- _What to work on_:
Count the lines below holding "Леві" and answer with that number only.

- _Records from a collection_:
<<<<

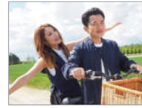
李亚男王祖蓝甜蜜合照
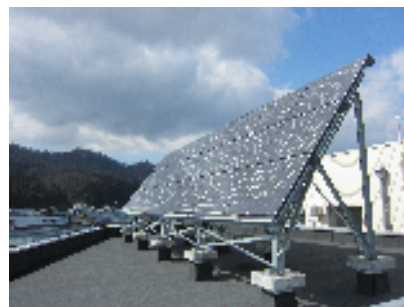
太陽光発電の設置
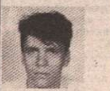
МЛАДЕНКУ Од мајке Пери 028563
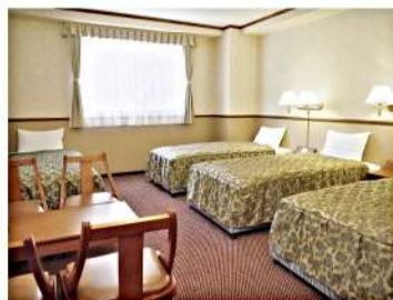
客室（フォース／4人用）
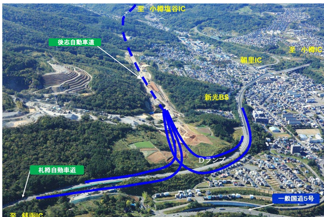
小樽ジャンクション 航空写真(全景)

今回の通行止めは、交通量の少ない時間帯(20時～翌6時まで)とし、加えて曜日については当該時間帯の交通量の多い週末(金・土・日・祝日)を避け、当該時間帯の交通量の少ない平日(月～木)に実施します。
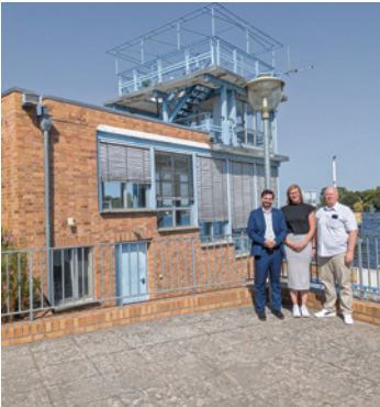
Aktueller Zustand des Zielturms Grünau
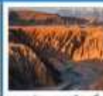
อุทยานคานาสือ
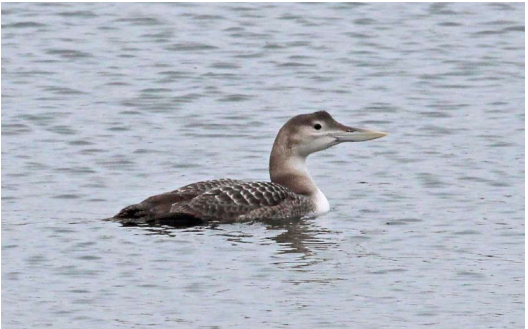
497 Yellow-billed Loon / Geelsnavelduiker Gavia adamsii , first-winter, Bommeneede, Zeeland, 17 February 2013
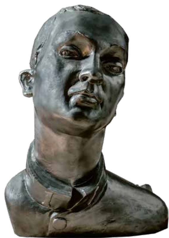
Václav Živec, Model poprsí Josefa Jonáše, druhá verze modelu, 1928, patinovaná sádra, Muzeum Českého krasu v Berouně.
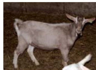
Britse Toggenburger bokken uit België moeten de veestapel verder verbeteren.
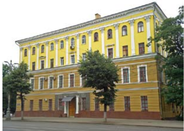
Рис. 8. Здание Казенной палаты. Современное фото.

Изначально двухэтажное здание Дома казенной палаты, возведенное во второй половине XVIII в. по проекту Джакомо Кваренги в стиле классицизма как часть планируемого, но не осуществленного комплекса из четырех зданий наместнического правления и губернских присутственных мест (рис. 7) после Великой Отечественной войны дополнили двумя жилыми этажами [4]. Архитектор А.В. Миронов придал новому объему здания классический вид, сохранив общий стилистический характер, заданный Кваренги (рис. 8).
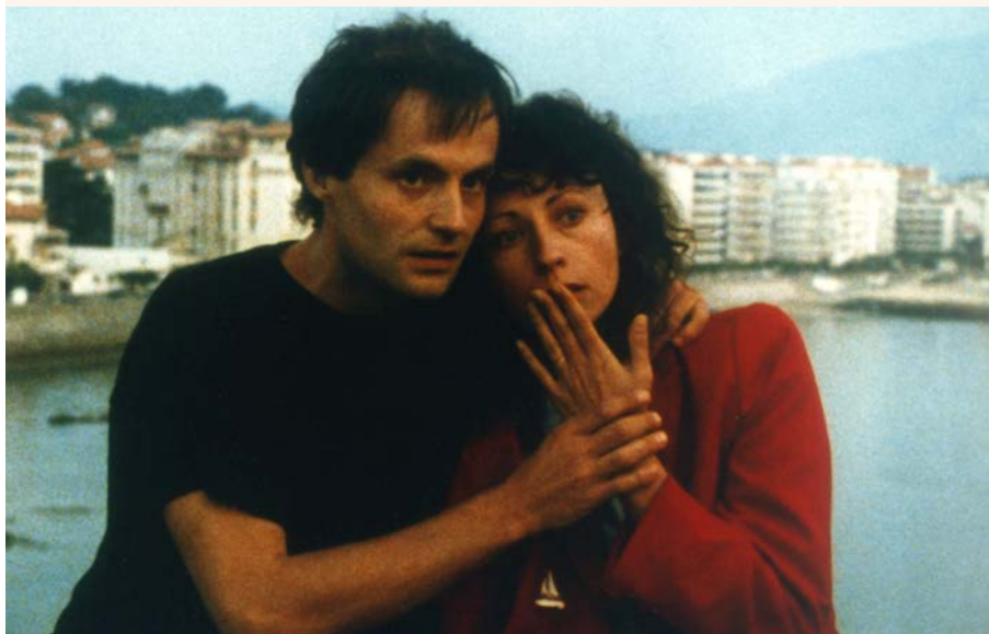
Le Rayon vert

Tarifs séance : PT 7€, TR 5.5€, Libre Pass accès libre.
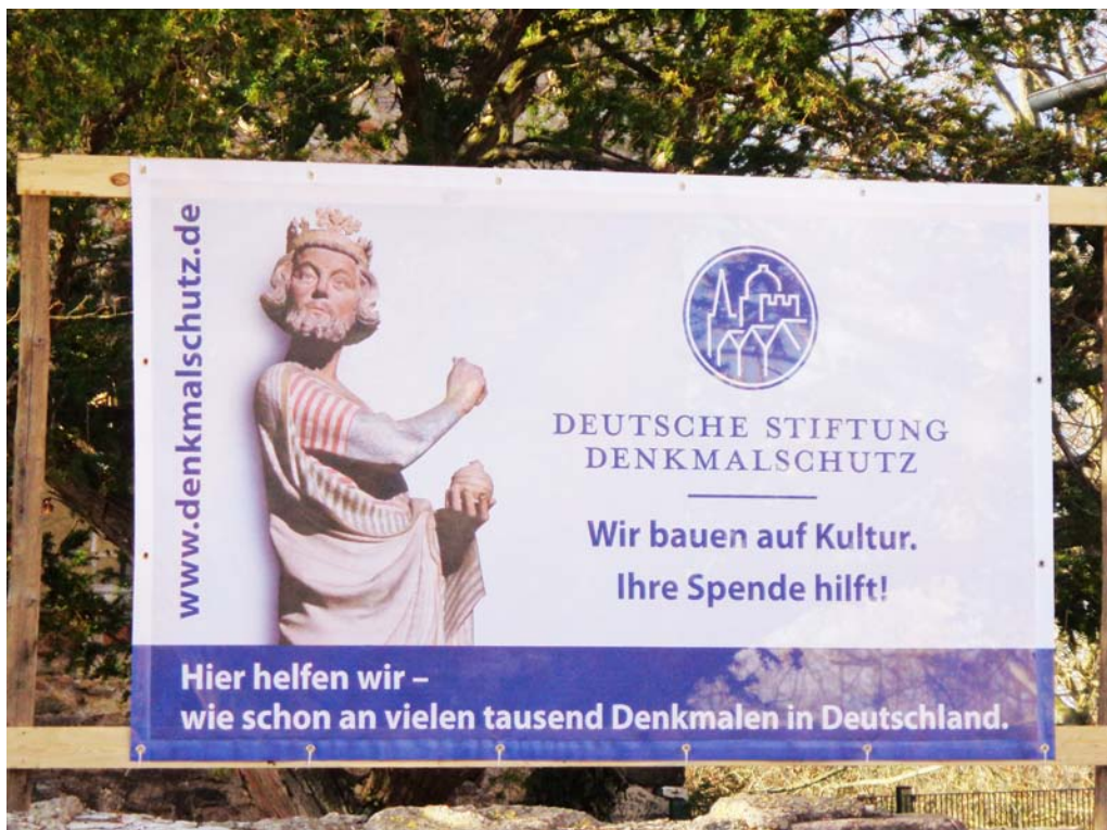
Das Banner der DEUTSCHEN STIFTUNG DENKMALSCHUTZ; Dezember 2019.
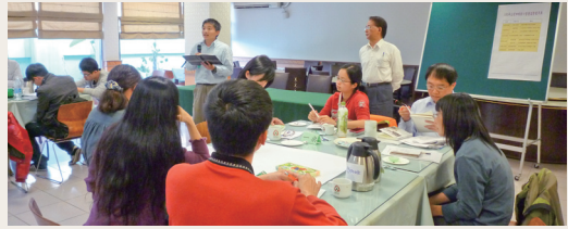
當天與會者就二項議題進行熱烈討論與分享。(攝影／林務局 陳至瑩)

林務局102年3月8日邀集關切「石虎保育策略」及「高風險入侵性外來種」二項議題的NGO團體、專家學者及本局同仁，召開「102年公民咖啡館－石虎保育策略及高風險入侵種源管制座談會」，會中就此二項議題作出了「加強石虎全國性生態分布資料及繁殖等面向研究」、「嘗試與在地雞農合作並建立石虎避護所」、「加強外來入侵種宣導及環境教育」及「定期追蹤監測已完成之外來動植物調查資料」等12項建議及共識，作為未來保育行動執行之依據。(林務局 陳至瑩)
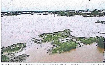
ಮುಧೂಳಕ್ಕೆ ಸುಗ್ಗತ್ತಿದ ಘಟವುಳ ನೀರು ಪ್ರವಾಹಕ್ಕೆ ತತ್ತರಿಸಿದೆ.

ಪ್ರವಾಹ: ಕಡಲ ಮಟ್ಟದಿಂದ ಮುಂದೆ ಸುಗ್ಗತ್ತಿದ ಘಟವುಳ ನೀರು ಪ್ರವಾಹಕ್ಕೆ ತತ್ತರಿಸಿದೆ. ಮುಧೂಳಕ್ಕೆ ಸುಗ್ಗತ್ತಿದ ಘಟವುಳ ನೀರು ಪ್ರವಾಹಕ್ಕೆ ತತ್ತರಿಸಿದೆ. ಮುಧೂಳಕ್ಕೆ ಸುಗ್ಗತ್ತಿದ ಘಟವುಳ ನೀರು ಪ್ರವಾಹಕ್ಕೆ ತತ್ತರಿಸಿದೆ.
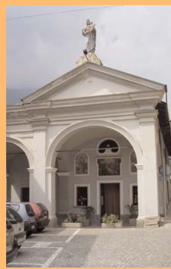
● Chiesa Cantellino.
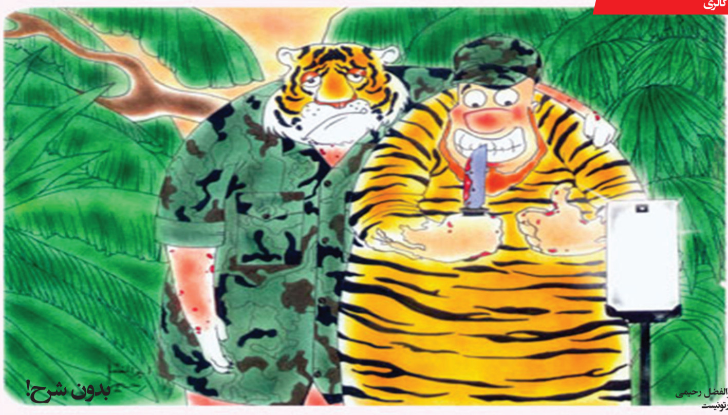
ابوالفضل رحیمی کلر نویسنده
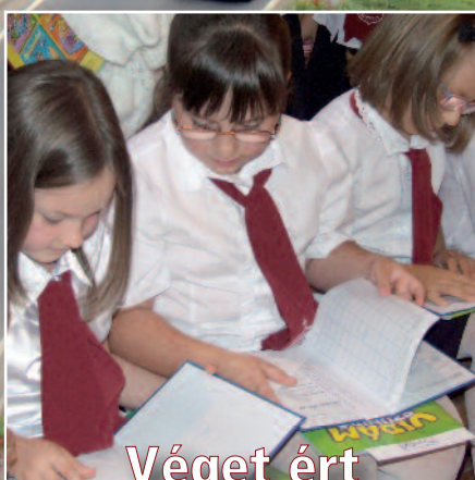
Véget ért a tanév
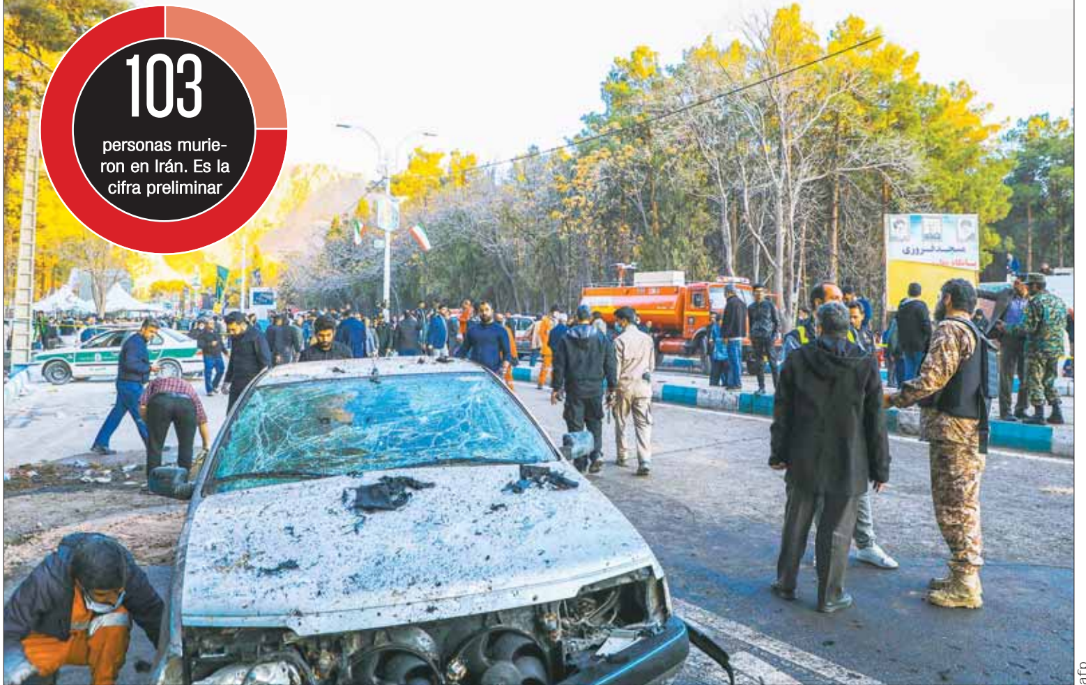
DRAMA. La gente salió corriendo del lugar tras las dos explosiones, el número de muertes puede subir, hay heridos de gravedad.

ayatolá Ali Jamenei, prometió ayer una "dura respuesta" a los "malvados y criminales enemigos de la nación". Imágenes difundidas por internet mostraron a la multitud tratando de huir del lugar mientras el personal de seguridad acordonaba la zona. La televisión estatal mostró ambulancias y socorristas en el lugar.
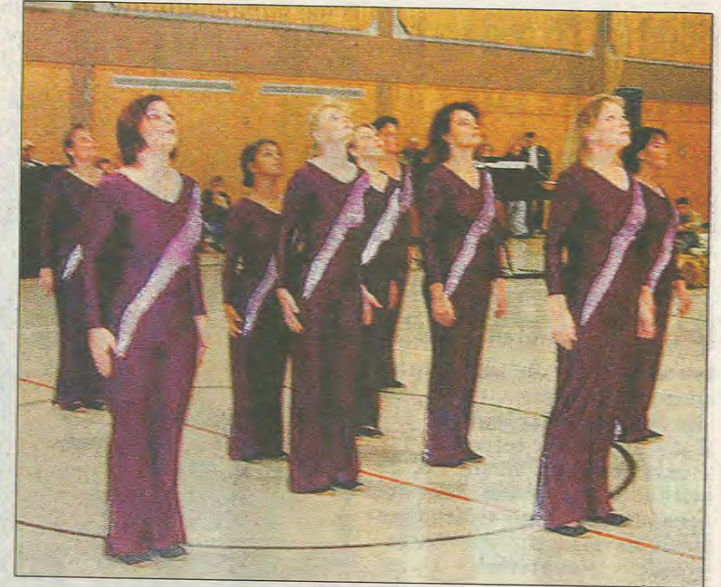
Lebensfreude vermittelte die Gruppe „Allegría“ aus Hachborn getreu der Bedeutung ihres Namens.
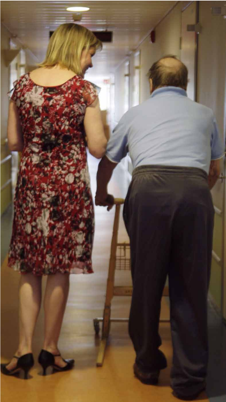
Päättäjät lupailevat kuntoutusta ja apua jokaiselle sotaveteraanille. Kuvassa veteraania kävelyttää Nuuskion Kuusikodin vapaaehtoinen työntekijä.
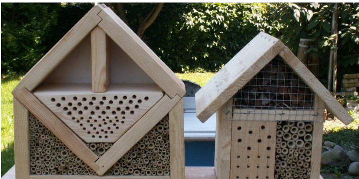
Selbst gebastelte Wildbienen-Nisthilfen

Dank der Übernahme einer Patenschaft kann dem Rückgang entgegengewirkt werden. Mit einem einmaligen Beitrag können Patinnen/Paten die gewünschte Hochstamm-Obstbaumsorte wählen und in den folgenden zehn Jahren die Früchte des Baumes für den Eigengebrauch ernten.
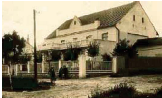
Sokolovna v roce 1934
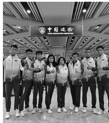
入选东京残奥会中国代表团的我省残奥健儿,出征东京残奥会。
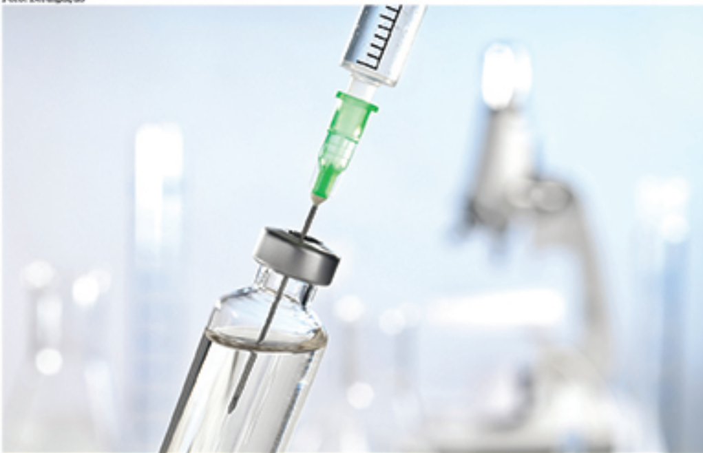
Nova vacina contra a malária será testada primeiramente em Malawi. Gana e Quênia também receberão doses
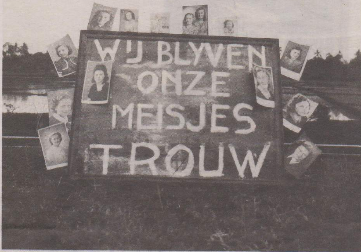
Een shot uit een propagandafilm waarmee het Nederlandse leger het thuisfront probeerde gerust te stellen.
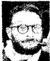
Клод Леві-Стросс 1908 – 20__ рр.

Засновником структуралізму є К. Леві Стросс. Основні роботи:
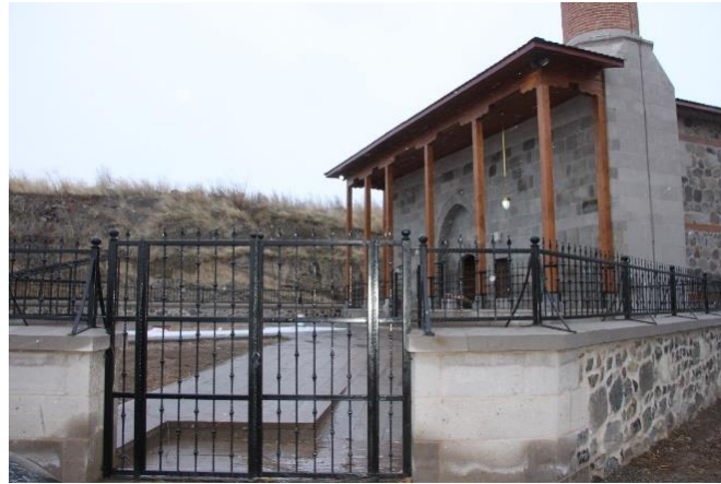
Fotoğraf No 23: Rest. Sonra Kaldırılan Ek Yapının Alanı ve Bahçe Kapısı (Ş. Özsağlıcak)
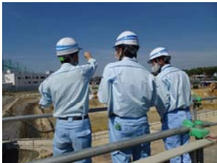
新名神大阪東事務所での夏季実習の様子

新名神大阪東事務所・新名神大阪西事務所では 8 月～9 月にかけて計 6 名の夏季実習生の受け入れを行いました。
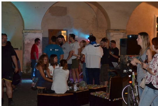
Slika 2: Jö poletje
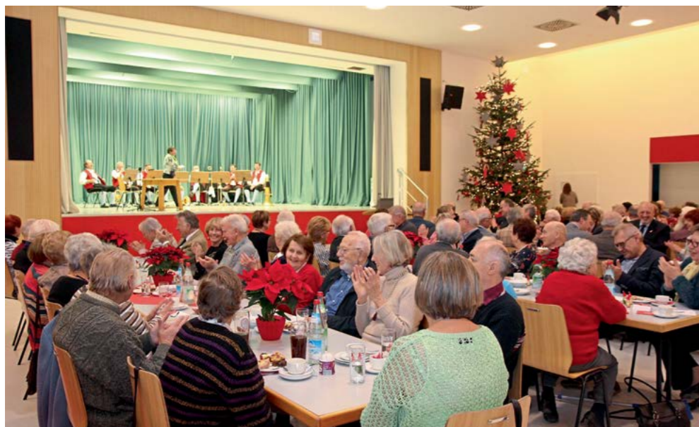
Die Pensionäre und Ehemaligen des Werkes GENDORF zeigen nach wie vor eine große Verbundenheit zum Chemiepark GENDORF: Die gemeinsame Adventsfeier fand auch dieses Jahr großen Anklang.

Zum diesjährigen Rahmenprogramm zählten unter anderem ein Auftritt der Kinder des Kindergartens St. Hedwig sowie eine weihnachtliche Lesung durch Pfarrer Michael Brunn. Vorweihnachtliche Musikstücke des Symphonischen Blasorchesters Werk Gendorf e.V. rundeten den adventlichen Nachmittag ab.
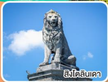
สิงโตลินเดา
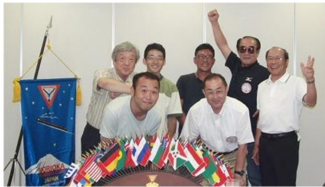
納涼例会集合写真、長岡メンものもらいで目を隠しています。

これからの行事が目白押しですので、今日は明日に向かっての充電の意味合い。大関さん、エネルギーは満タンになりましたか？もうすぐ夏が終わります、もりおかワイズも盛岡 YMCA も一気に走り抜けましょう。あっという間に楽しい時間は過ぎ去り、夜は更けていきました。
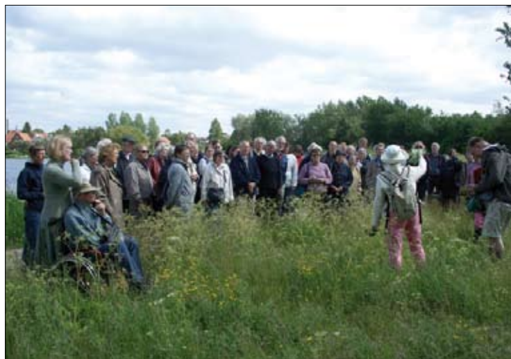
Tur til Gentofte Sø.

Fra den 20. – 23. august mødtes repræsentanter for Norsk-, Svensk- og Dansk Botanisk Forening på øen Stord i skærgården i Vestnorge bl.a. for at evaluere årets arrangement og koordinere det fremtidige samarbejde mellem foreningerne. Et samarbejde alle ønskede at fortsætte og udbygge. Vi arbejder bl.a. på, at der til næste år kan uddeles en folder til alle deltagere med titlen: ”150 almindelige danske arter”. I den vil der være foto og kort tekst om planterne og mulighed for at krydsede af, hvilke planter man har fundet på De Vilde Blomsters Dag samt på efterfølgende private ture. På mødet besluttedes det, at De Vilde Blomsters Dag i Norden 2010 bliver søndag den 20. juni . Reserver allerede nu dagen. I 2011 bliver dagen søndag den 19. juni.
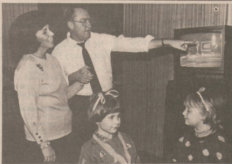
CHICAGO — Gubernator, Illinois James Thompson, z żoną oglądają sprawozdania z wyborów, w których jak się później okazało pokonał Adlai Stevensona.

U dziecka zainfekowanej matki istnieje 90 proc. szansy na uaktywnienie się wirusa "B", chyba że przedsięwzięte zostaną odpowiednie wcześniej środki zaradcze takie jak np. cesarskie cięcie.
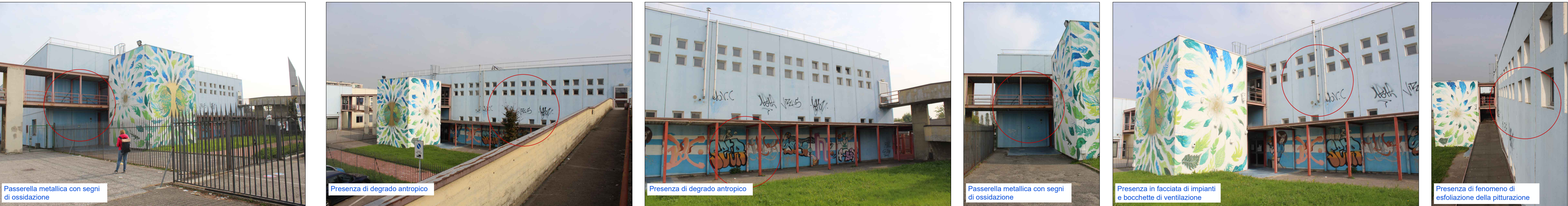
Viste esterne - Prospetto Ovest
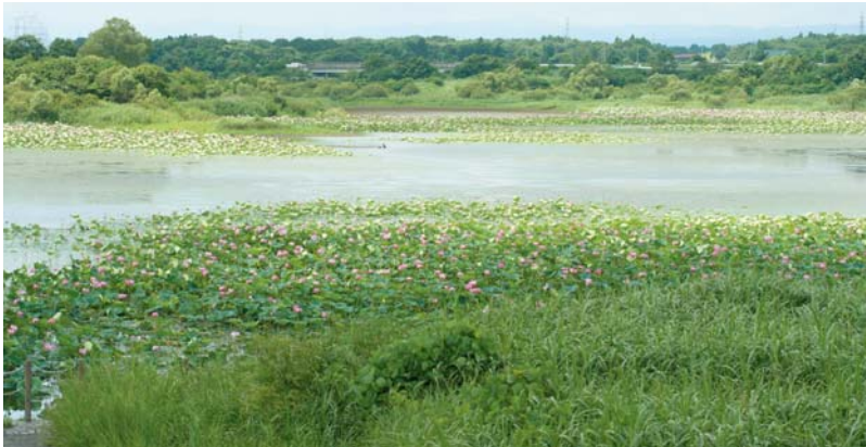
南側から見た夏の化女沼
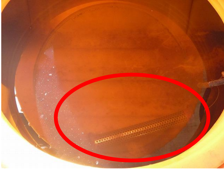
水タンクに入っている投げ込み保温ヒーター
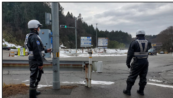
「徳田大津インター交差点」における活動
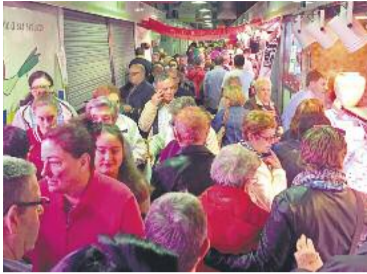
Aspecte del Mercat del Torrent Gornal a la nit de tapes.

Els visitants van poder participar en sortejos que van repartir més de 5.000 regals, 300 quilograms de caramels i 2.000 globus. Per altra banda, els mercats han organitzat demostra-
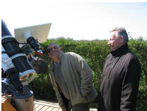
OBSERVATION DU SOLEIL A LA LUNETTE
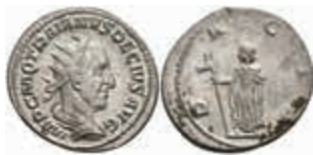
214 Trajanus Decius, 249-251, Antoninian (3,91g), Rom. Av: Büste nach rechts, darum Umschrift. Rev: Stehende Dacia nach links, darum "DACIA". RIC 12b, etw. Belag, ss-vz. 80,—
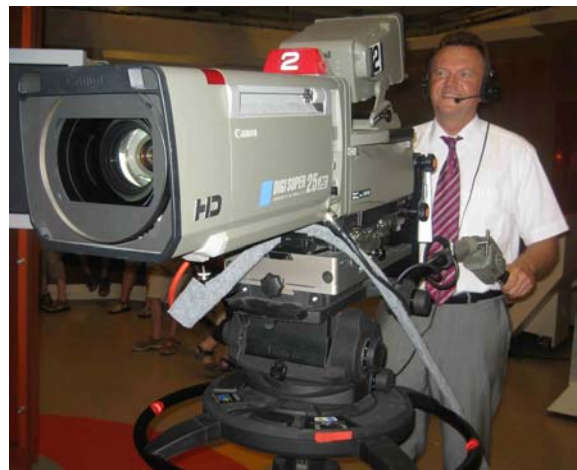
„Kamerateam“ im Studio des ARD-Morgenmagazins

>>>>

- _Task answer_:
2